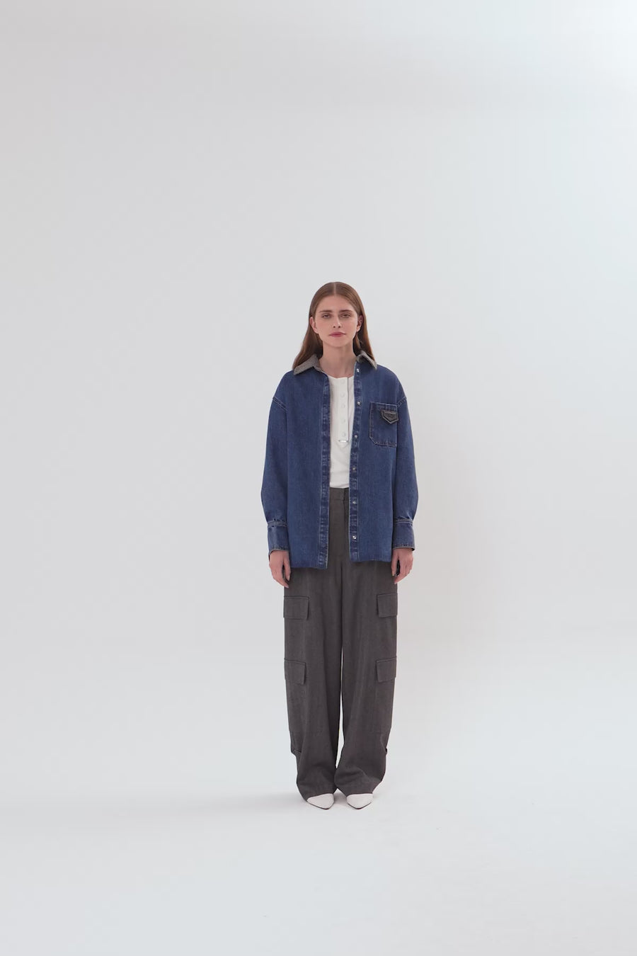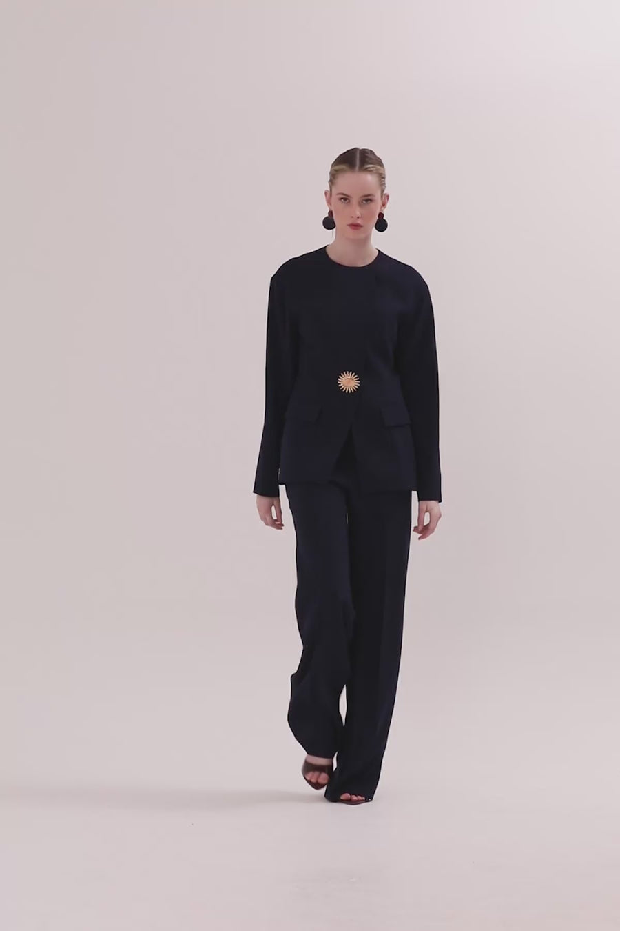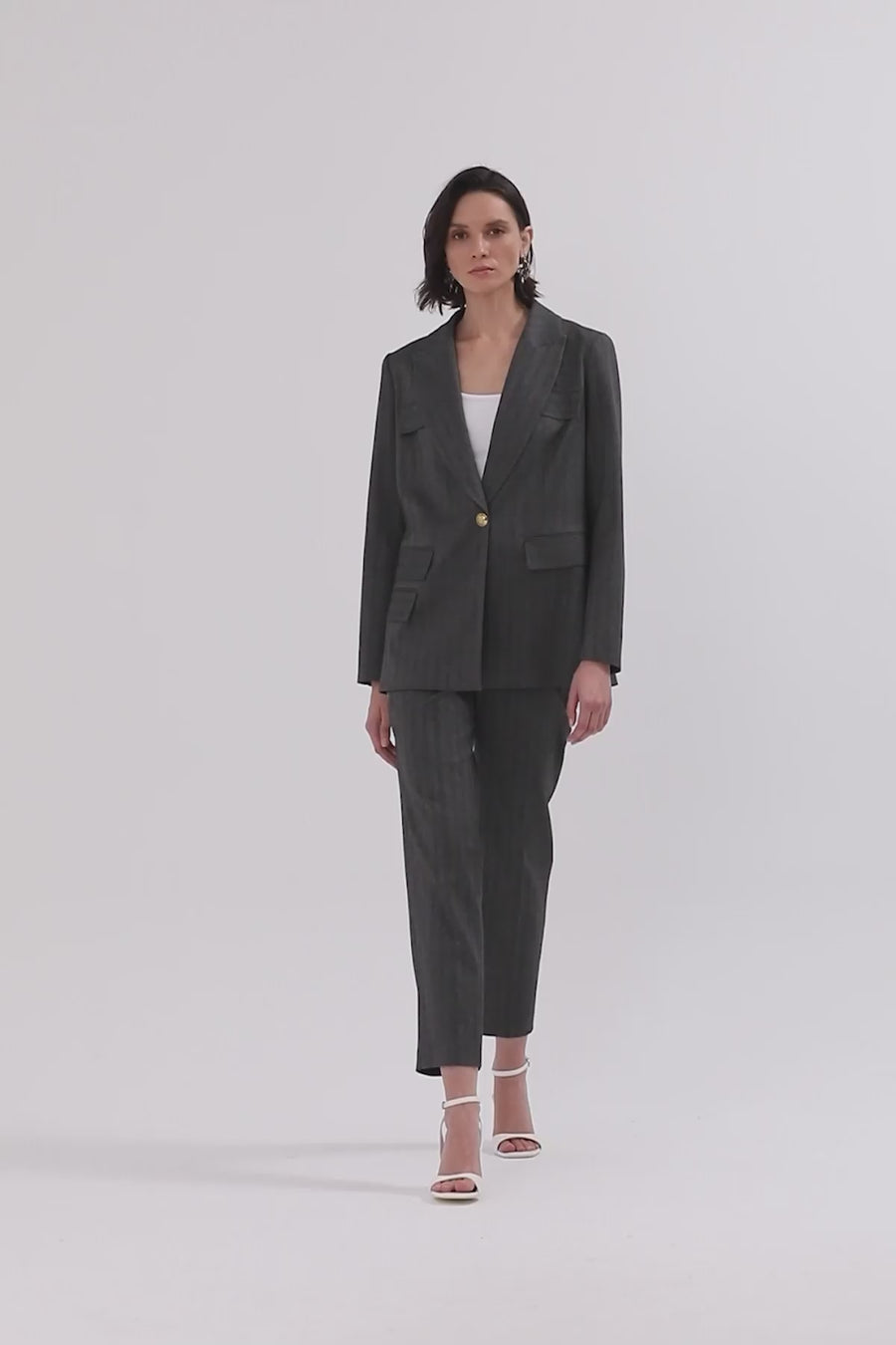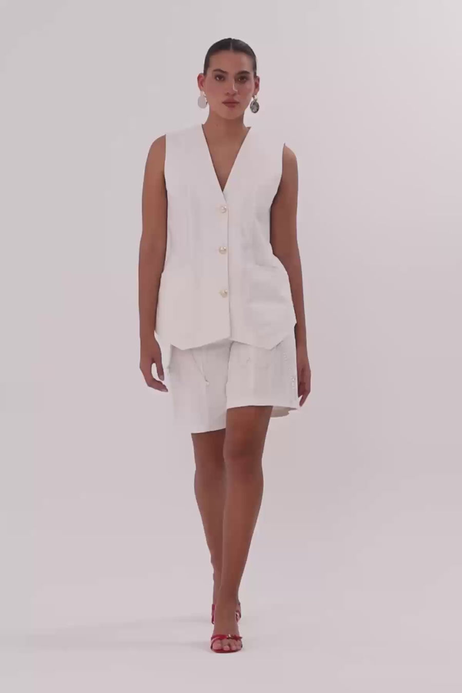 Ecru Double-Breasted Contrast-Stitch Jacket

* * *

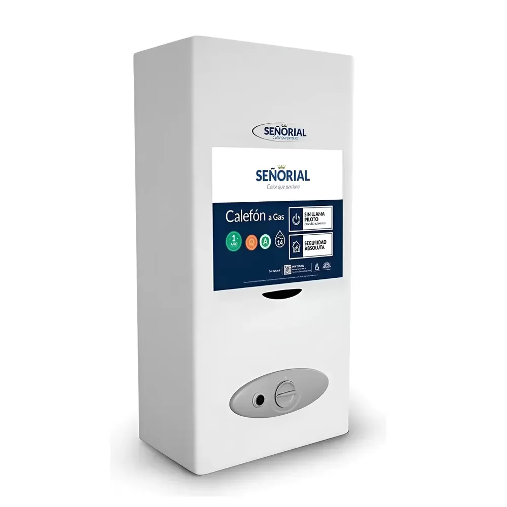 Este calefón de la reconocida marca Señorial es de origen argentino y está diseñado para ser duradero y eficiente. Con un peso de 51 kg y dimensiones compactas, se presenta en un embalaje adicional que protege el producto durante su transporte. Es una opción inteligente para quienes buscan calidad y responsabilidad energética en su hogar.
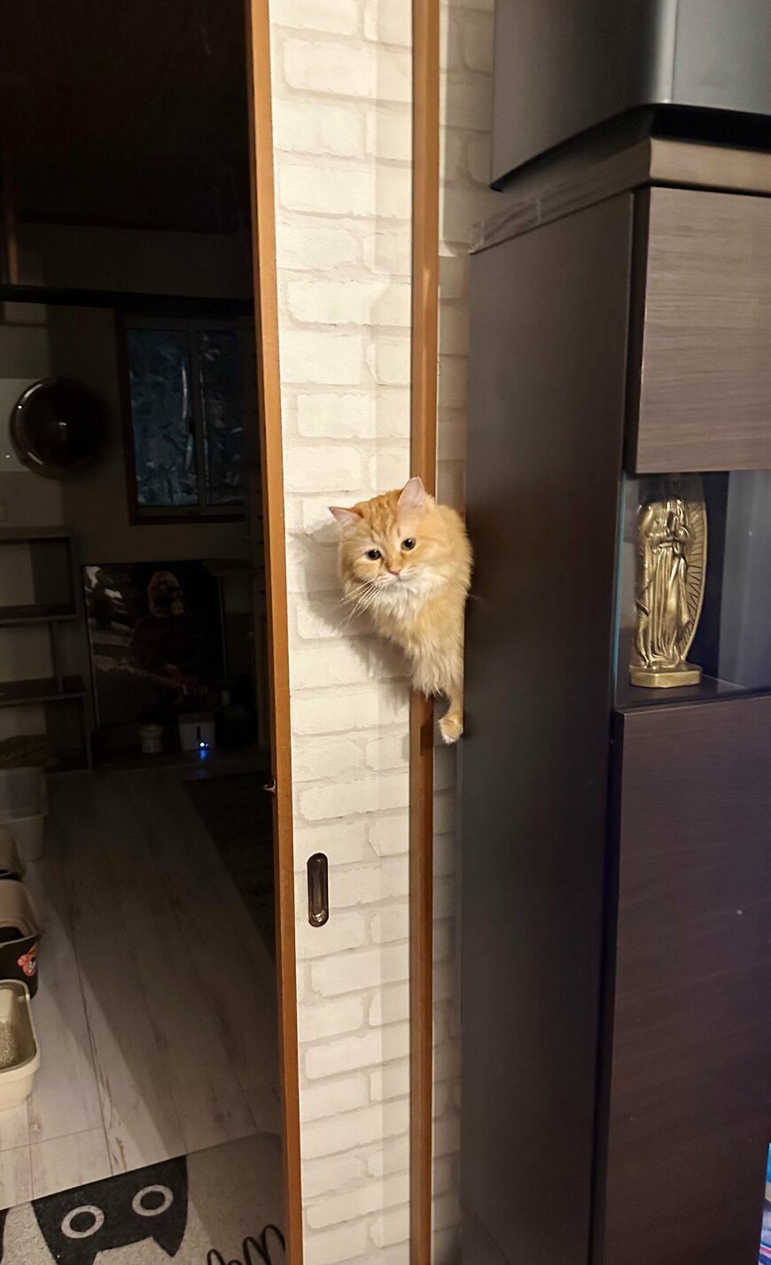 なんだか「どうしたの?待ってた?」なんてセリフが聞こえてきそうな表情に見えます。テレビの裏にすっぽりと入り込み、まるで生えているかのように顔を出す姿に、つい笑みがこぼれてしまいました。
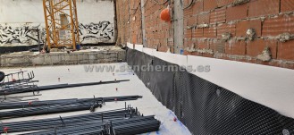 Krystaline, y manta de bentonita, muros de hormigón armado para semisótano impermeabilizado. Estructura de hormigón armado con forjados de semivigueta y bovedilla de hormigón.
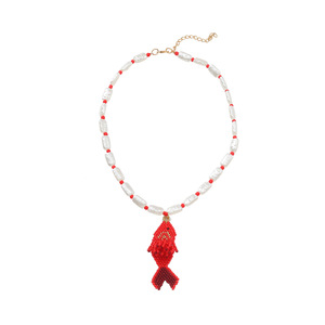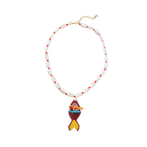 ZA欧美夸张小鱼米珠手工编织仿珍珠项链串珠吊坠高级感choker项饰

WHAT IS EXPECTED =
While skipping the pictures, transcribe the data above from the line showing "なんだか「どうしたの?待って" through the line showing "ZA欧美夸张小鱼米珠手工编织仿珍珠项链串珠吊坠高级感choker项饰", exactly and with both ends.

ANSWER =
 なんだか「どうしたの?待ってた?」なんてセリフが聞こえてきそうな表情に見えます。テレビの裏にすっぽりと入り込み、まるで生えているかのように顔を出す姿に、つい笑みがこぼれてしまいました。
 Krystaline, y manta de bentonita, muros de hormigón armado para semisótano impermeabilizado. Estructura de hormigón armado con forjados de semivigueta y bovedilla de hormigón.
 ZA欧美夸张小鱼米珠手工编织仿珍珠项链串珠吊坠高级感choker项饰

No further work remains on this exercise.